Managing the marine environment
As the users of Scotland's seas continue to grow, managing the marine environment for a number of important uses is a challenging and complex task. Marine Scotland, the lead marine management arm of the Scottish Government, is responsible for managing Scotland's seas in an economic and environmentally sustainable way. They are supporting the introduction of this new offshore renewables industry into Scotland's seas through the Marine (Scotland) Act 2010 which allows them to undertake marine spatial planning and offshore licensing responsibilities. There is, however, recognition of the challenges they face in doing so including resource issues, rapid transfer to a new regime, streamlining of processes and consistency with other planning regimes in UK waters.
Necessary and available skills
Companies across the UK involved in the renewable energy industry have reported difficulties in recruiting skilled personnel in, for instance, the fields of engineering (electrical, mechanical), design, project management and the marine environment. This is due in part to a general shortage of graduates specialising in such disciplines in the UK, combined with a difficulty in attracting experienced personnel from other sectors due to competition with other more established industries (in particular, the oil and gas industry). This will be exacerbated by competition for skills from the construction and other engineering sector.
Tackling the issues above, in line with developers' timelines, will take investment of unprecedented sums of money, on levels way beyond Government's and utilities current expenditure limits. Therefore, innovative funding solutions must be sought to attract the significant levels of private sector investment needed if the offshore wind sector is to deliver as planned. This challenge is heightened given the current economic climate.
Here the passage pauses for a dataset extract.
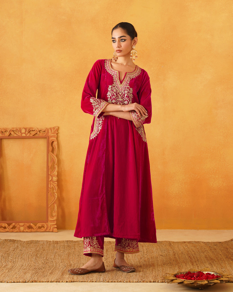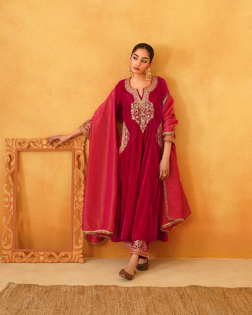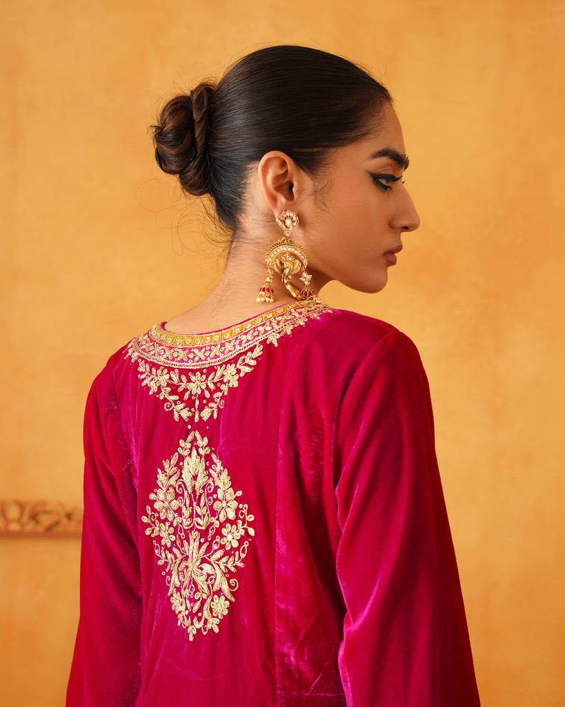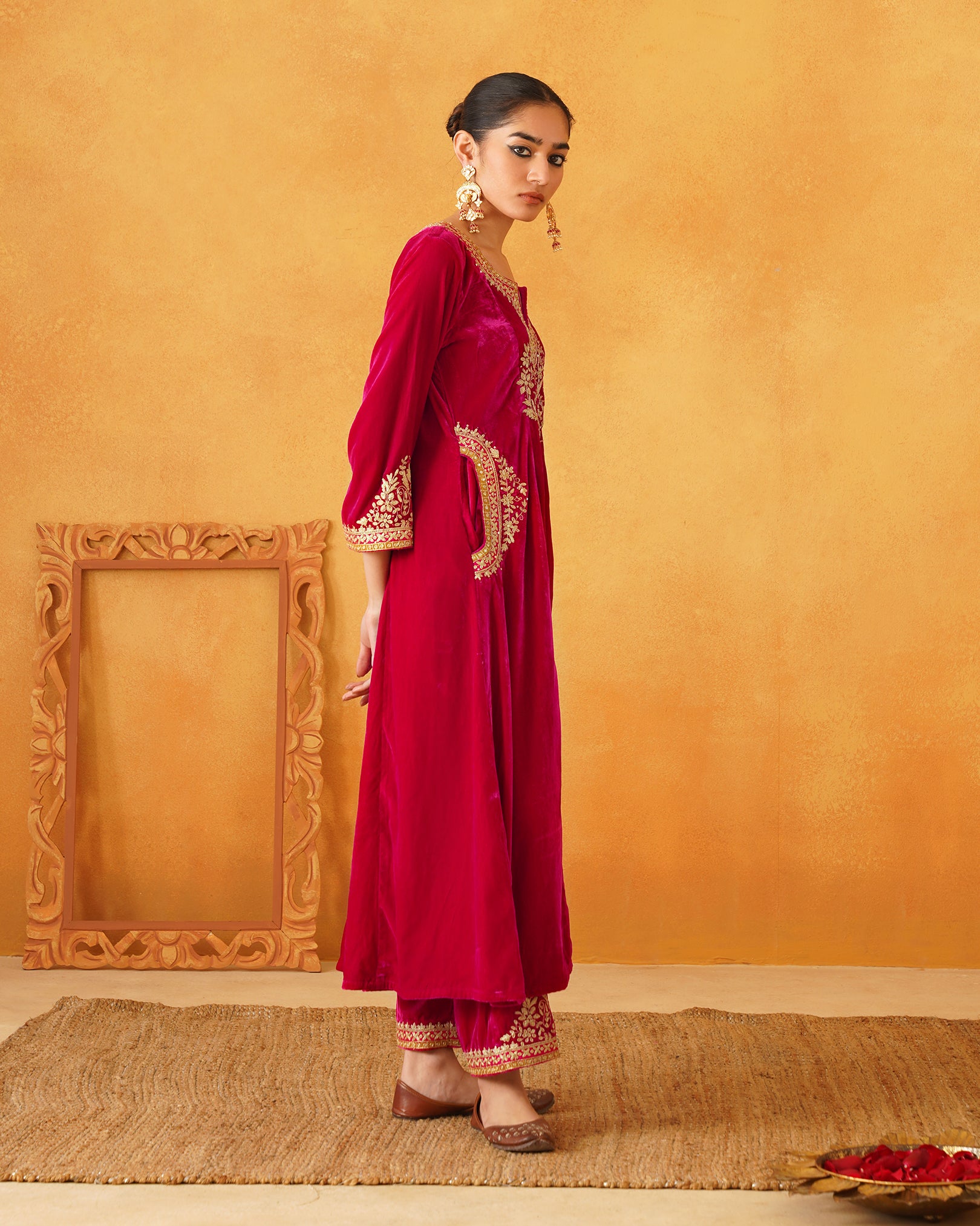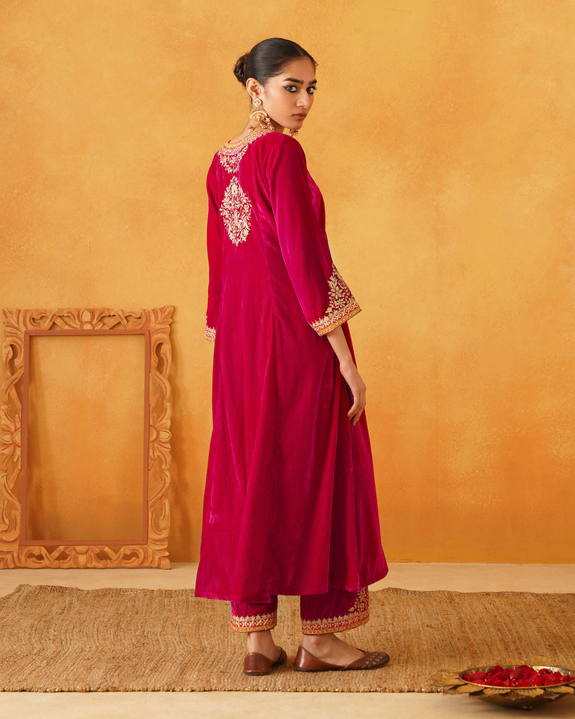 Magenta Pink Hand Embroidered Kurta with Palazzo and Dupatta Set

Securing support of local communities and existing users of the sea
Whilst offshore wind development will bring unprecedented economic and environmental opportunities to Scotland, it is key that the offshore wind sector engages directly and frequently with local communities, local authorities, interested parties and existing users of the sea to secure their support for the developments being taken forward.
The consistent theme, across all of the above issues, is timing and accessing unprecedented levels of resource and finance, particularly in the first half of the decade, to make Scotland's offshore wind ambitions a reality.
The following table outlines OWIG's priority recommendations which, if implemented in the near future, will give Scotland the best chance of securing this Route Map's most ambitious growth scenario.
Following publication, OWIG will continue with its programme of work, driven by the recommendations within this Route Map. This programme of work will continue to evolve at a fast pace and significant changes to the programme of work are anticipated over the coming months. The Offshore Energy Programme Board, at strategic level, will oversee the work of the OWIG group as it pursues this Route Map's recommendations. In addition, OWIG will undertake a fundamental review of progress against these recommendations at the end of 2012.